__Given records__.
┌──

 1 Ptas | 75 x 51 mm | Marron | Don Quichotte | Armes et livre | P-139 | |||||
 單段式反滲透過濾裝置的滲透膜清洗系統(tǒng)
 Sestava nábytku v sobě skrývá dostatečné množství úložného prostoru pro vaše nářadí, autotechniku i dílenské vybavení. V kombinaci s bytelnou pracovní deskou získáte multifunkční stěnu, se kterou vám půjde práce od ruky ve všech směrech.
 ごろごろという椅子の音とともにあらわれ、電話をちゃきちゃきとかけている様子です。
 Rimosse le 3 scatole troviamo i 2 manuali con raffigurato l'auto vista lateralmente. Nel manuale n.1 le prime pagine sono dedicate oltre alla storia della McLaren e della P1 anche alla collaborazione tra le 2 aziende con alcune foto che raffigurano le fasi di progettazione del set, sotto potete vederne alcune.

└──
┌──

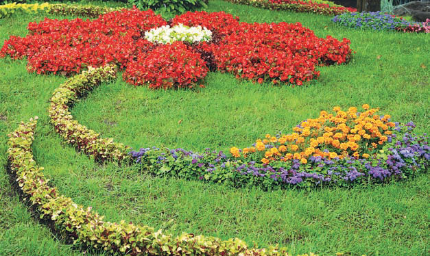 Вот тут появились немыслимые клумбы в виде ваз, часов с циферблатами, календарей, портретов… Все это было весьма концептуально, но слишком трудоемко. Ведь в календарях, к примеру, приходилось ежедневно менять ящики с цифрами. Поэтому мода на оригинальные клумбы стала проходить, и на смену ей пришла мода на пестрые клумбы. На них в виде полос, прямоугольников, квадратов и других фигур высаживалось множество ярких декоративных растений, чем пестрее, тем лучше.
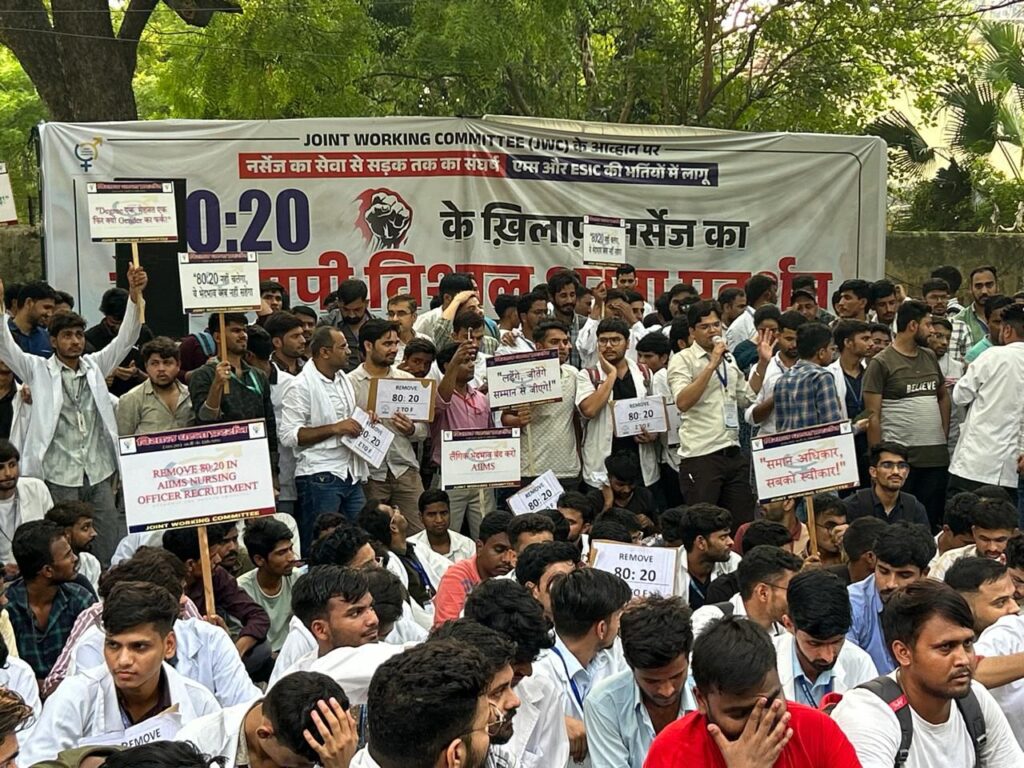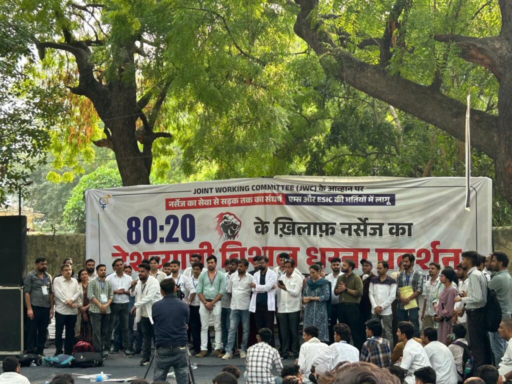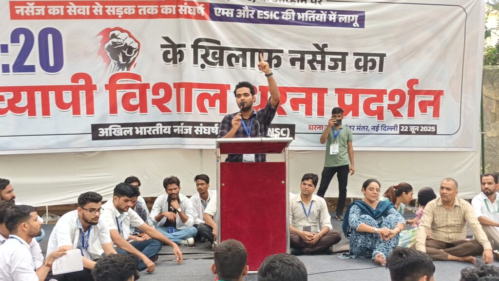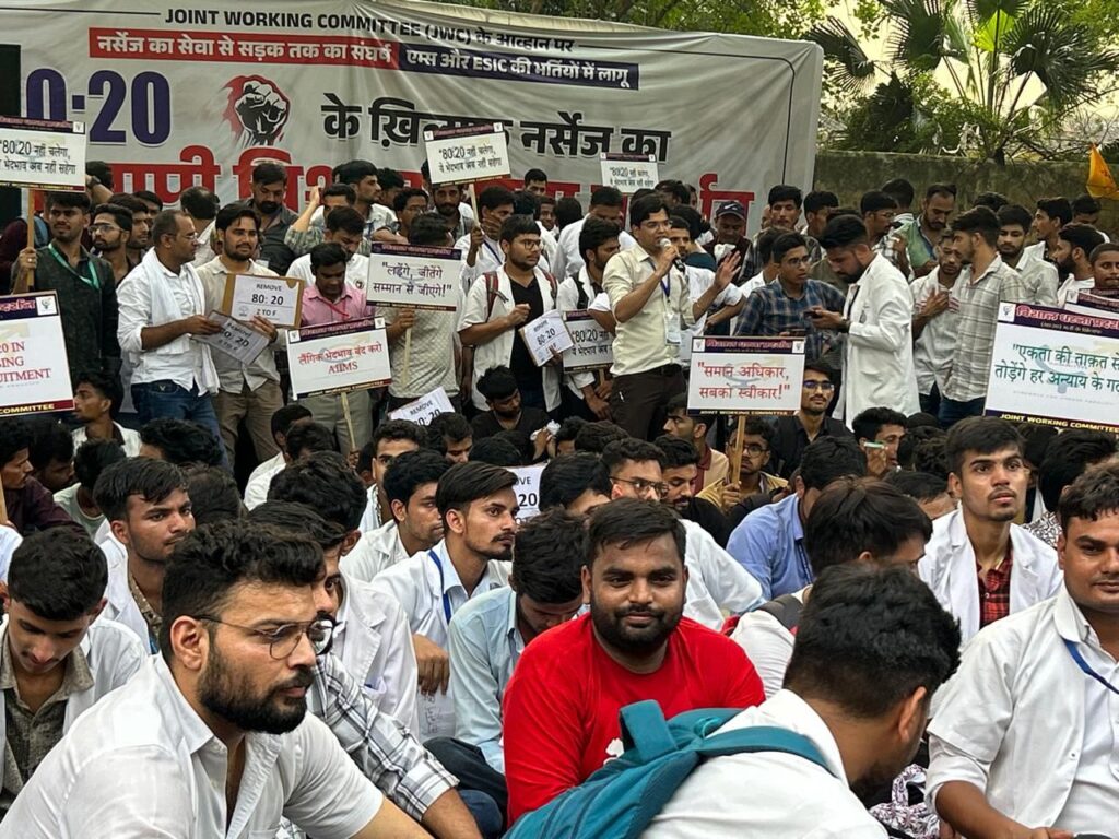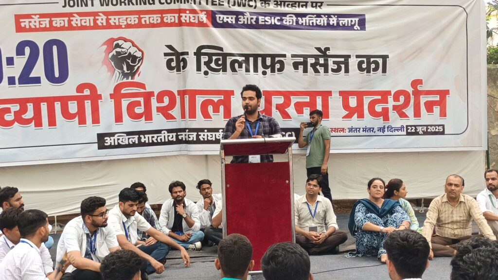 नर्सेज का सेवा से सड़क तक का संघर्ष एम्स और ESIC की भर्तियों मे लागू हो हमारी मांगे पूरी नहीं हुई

└──
┌──

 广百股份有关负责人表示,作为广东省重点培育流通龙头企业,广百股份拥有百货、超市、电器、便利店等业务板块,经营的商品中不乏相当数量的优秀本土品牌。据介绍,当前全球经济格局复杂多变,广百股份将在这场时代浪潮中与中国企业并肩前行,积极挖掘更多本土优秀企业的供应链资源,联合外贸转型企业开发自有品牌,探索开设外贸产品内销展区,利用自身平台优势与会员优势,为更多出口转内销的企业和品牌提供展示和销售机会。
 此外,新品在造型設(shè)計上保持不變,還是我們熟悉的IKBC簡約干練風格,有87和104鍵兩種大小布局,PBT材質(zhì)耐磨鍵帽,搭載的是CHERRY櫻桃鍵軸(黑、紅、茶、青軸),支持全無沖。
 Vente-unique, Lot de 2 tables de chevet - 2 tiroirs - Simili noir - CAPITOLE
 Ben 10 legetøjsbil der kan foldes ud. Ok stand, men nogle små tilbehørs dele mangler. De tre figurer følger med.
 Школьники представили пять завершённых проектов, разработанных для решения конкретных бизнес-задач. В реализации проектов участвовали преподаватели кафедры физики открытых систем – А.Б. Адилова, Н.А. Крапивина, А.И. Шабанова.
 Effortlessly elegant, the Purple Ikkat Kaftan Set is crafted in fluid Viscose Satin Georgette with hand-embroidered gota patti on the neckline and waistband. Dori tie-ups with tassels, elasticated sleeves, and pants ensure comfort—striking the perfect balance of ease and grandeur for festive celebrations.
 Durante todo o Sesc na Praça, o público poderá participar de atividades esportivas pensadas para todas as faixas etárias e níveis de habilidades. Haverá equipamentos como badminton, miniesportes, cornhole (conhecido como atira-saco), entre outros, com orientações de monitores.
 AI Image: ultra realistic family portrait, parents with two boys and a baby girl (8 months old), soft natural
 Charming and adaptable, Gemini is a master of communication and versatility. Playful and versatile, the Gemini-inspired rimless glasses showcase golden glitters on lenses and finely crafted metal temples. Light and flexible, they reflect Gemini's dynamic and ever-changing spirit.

└──

__About this task__. Return only the part of the records above that opens with the line containing "AI Image: ultra" and closes with the line containing "Charming and adaptable, Gemini", ends included.

__Answer__.
 AI Image: ultra realistic family portrait, parents with two boys and a baby girl (8 months old), soft natural
 Charming and adaptable, Gemini is a master of communication and versatility. Playful and versatile, the Gemini-inspired rimless glasses showcase golden glitters on lenses and finely crafted metal temples. Light and flexible, they reflect Gemini's dynamic and ever-changing spirit.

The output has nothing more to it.